Sgrigna: Toro, che attacco! Ma in A ci porterà la difesa
Il calciatore granata: «E questa squadra farà ancora meglio nella massima serie. L'importante è non subire reti: un golletto lo segniamo sempre. Infatti siamo primi. Mai pensato di tornare a Vicenza. Anzi, dipendesse da me, non me ne andrei più»
© LaPressePer Bianchi, il danno e la beffa.
«Eh sì, lui sa di aver compiuto un’ingenuità con la sua reazione, però bisogna anche capirlo. Ha subìto per tutta la partita, purtroppo nessuno ha visto niente: solo la sua manata è stata punita».
Bianchi è ancora adesso nero come la pece.
«È arrabbiato lui, siamo arrabbiati tutti. Erano anni che non vedevo una cosa del genere. Il gioco duro ci può anche stare, ma così no, non è giusto».

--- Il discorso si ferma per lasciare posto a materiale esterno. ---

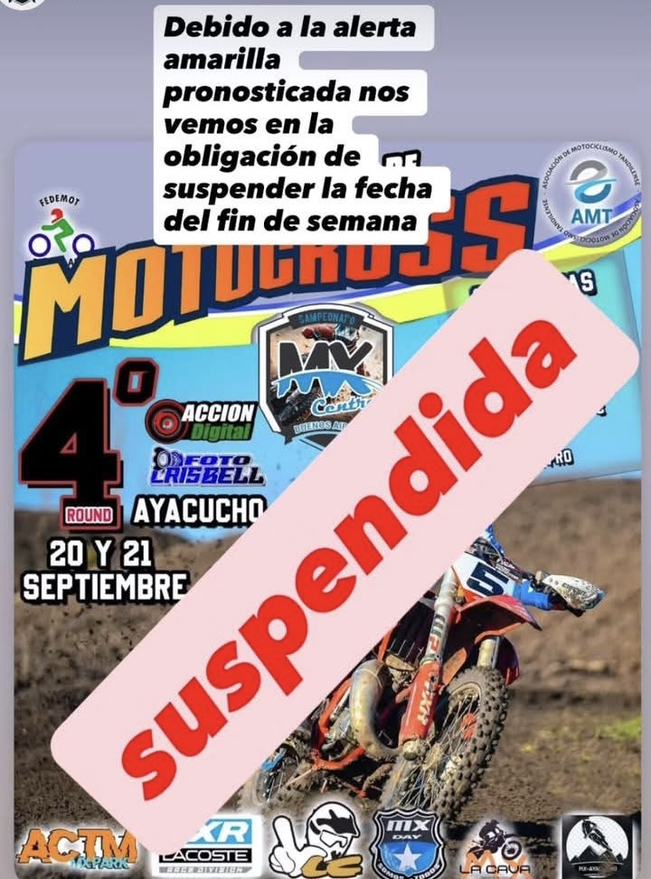 Como consecuencia de una alerta meteorológica para el sábado donde se aguardan lluvias de importancia, las autoridades del Motocross local tomaron la determinación de postergar el desarrollo de la competencia prevista para este fin de semana, para el venidero sábado 27 y domingo 28.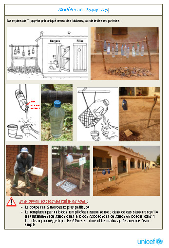 Exemples de Tippy-tap (réservoirs basculants, d'eau pour le lavage des mains) fabriqués avec des bidons, cordelettes et pointes. Notez que la bascule est assurée avec une pédale à pied, afin de ne pas se re-contaminer les mains.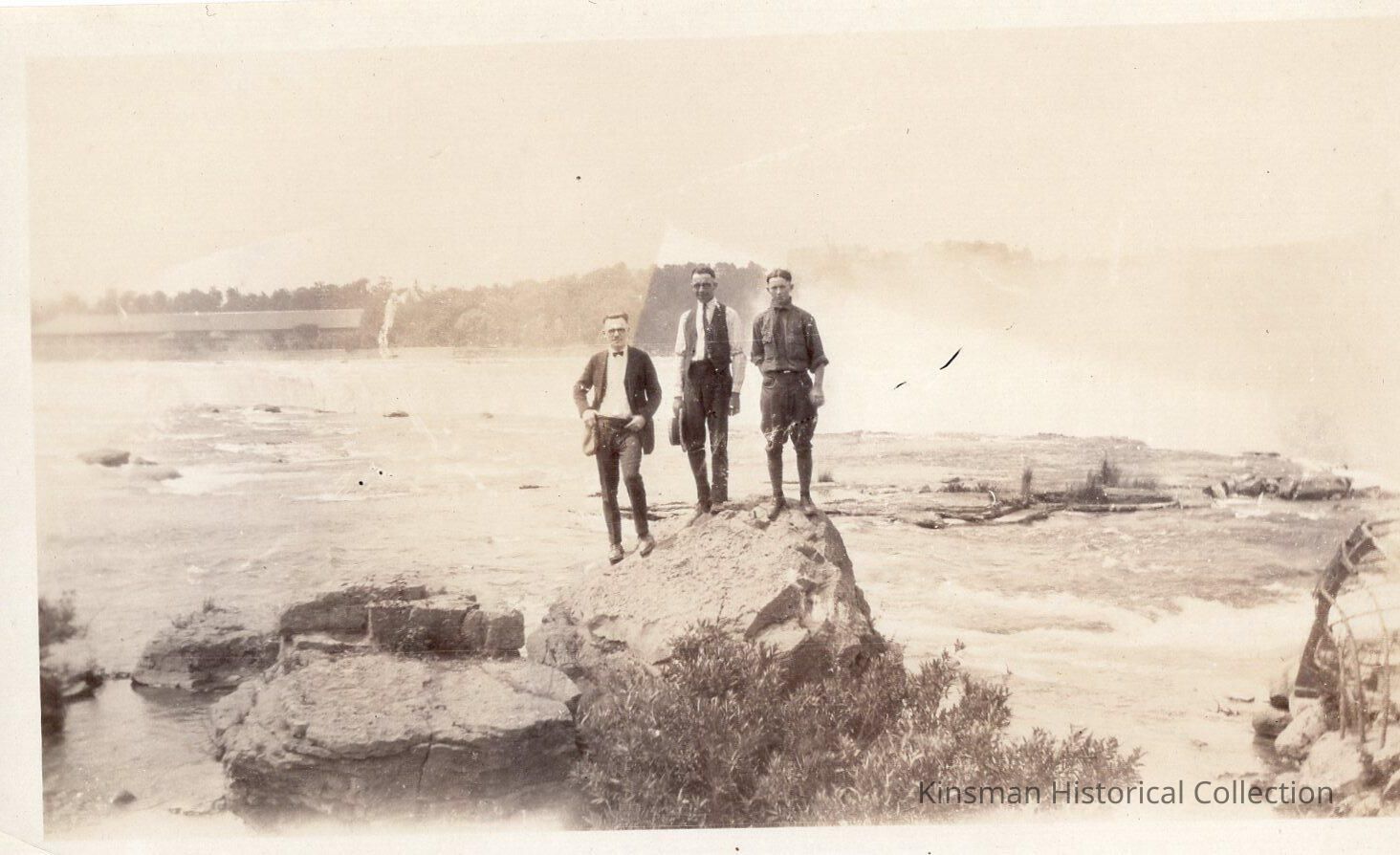 Three men standing on a rock in front of waterfall.Collection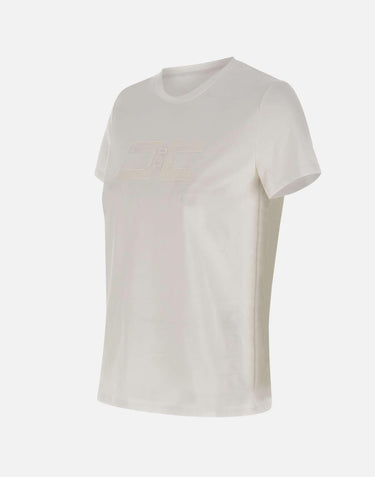 Elisabetta Franchi cotton jersey T-shirt, white color, short sleeves, crew neck, double embroidered logo embossed on front, regular fit, made in Italy

Tre partite senza Bianchi, a meno di sconti dopo il ricorso. Cosa cambia per il Toro?
«Spero niente. Intendiamoci: Bianchi è sempre Bianchi, è il nostro capitano, è il cannoniere della squadra, però l’attacco del Toro è comunque molto competitivo».
Quanto valgono, in termini di reti, Bianchi, Antenucci, Ebagua e Sgrigna in B?
(Sgrigna si prende qualche secondo, poi risponde) «Almeno 50 gol. Per qualità individuali e per il gioco del Toro, è un obiettivo possibile. Poi dipende da tante cose: chi gioca di più, di meno, chi finalizza e chi si sacrifica sull’out. Come sta facendo benissimo Antenucci».
Come Sgrigna un anno fa...
«Sì, e malgrado tutto qualche buona partita l’ho fatta anch’io».
Con i risultati di quest’anno sarebbe stato anche più facile per lei accettare quel sacrificio.
«È una giusta osservazione, anche perché spesso noi calciatori veniamo giudicati in base ai risultati. E quando vinci, pure chi gioca fuori ruolo riesce comunque a fare bella figura».